Sylvan Cement
Sylvan Cement (#93867F) is a true orange with a warm character. It leans warm, pulling light toward red, orange, and yellow. Naturally inviting, it suits editorial and hospitality contexts. Its HSL profile (21°, 8%, 54%) places it in the muted band at a mid lightness. It works across type, buttons, and borders, saturated enough to feel deliberate but balanced enough to not fight the rest of the palette. For a confident two-color system, pair it with its complementary azure. For something softer, pull in its analogous neighbors on either side of the wheel.
Etymology
Latin silvānus, of-the-woods — adjectival suffix -an, derived from silva (forest). As a color modifier, sylvan implies a neutral-and-forest-and-woodland quality, the neutral color of English-and-Welsh deciduous-and-mixed-forest woodland-walking-and-ramble pastoral-and-natural color tone. Sits at the neutral-and-traditional end of the grid, parallel to bucolic and pastoral in usage.

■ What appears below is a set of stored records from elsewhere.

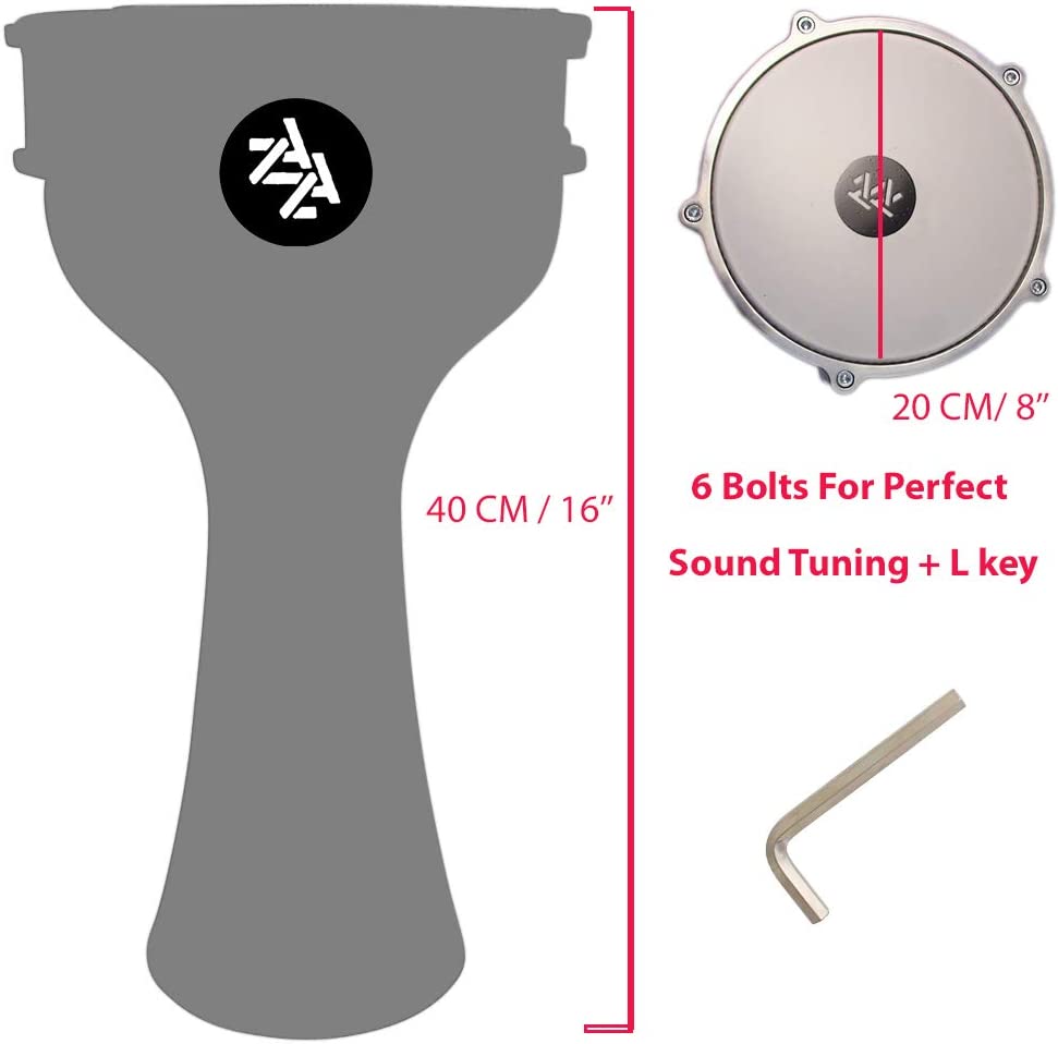 The Zaza Percussion 16" Doumbek is crafted with the vision of perfecting the doumbek sound while combining uncompromising style, quality materials, and affordability. Designed from lightweight aluminum (just around 2 lbs), it is easy to carry—making it ideal for beginners of any age, while also serving as an excellent addition to any professional drummer’s collection.
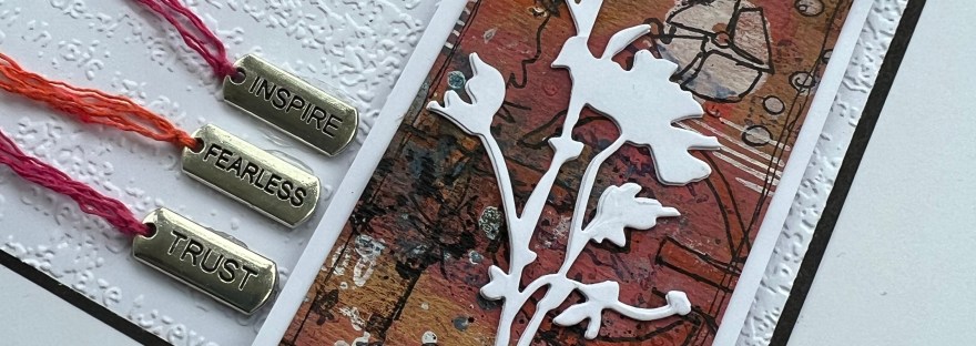 A slimline panel mounted onto white with a white die cut flower on the top (stacked three layers of die cuts to give it strength). Kept the background quite simple with an embossed panel using the Old Paper embossing folder. Mounted that onto black.
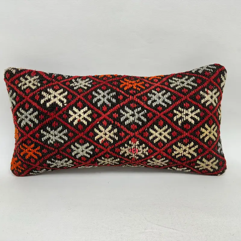 Almohada de lanzamiento bordada del suroeste hecha a mano, cojín rojo vintage de 10x20
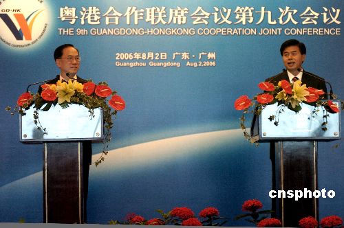 八月二日下午,香港特区行政长官曾荫权与广东省省长黄华华在广州白天鹅宾馆联合举行新闻发布会,介绍粤港合作联席会议第九次会议的成果。中新社发 柯小军 摄
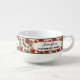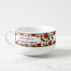 Personalized soup mug featuring tomatoes, courgettes and basil with retro labels and your custom texts. Nice for Mediterranean and vegetable soups.
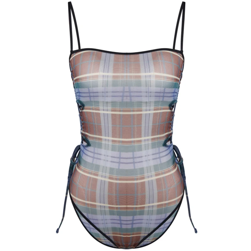 MLY Factory Wholesale Bikini Custom Sexy Bodysuit Jumpsuit Beachwear Backless Striped Print One Piece Swimwear
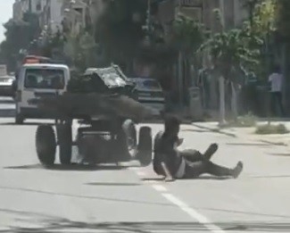 Şanlıurfa’da dizginleri düşen ve kontrolden çıkan atı durdurmak isteyen sürüsü düşerek at arabasının altında ezildi. Yüreklerin ağızlara geldiği olayda at ve sürücü yara almazken o anlar bir vatandaş tarafından cep telefonuyla kaydedildi.
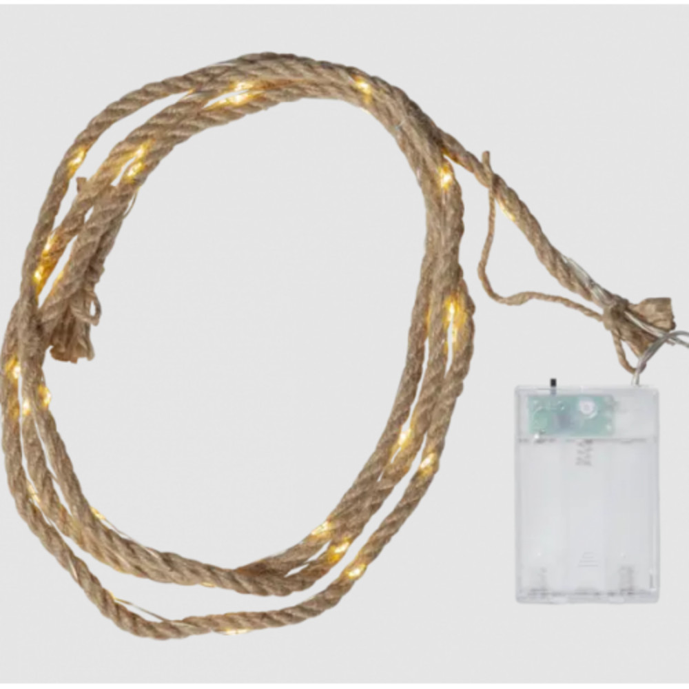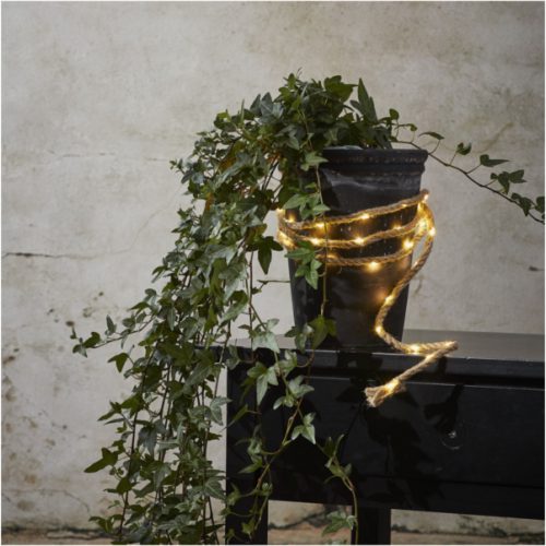 Elemes fényfüzér juta kötéllel és 40 LED harmatcseppekkel.
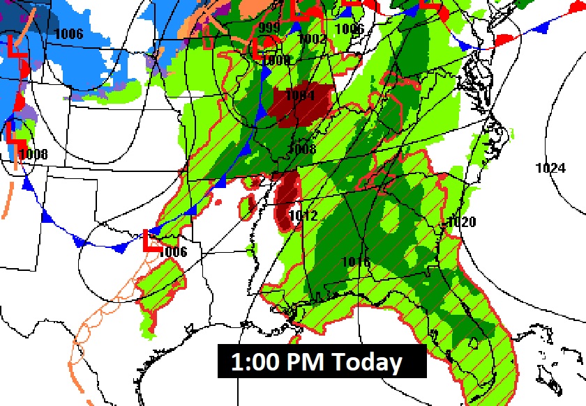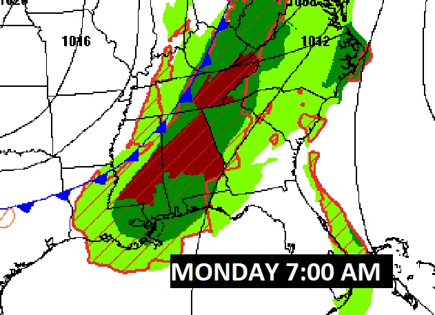 Here is the set-up Monday morning as the frontal system approaches. At 7AM, the frontal system will be in northwest Alabama.
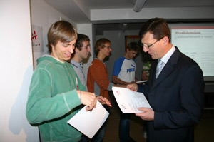 Die Oberschülerinnen und Oberschüler, die an den Landeswettbewerben, regionalen Wettbewerben und gesamtstaatlichen Wettbewerben der Mathematik-, Physik-, Informatik- und Chemieolympiade im Schuljahr 2005/06 erfolgreich teilgenommen haben, wurden heute für die erbrachten Leistungen geehrt.

Portland cement — a powdered binder of calcium silicate, alumina, and iron, mixed with water and aggregate to make concrete. Patented by Joseph Aspdin of Leeds in 1824 and named for its resemblance to Isle of Portland limestone. The color refers to dry Portland cement powder: a soft, slightly muted pale gray with the powdery finish of micron-ground mineral. Cooler than stone, warmer than dust.
Closest matches
The nearest named color in three reference sources, ranked by perceptual distance (ΔE76 in CIELAB). ΔE < 1 is imperceptible to most viewers; ΔE > 10 is clearly different. When two sources point to the same hex they’re merged into one tile; click any to open that color’s page.
Variations
Click any swatch to exploreHarmonies
Accessibility
How this color appears to viewers with the four major color-vision-deficiency types. Computed via the Machado (2009) physiologically-based model. If a tile matches the original, the color reads the same to that viewer.
The color used as foreground text against pure white and pure black, with the contrast ratio and WCAG 2.1 grade. Aim for AA (4.5:1) for body text and AA Large (3:1) for 18 pt+ headlines; AAA (7:1) is the gold standard for long-form reading surfaces.
Wide gamut
The CSS Color 4 wide-gamut form of this color. Both swatches render the same color on every display — the P3 form only diverges from sRGB when a designer pushes channels outside sRGB's reach.
This color sits well within the sRGB cube. P3 and sRGB share the gray axis and most desaturated tones, so a P3 display renders this identically to an sRGB display.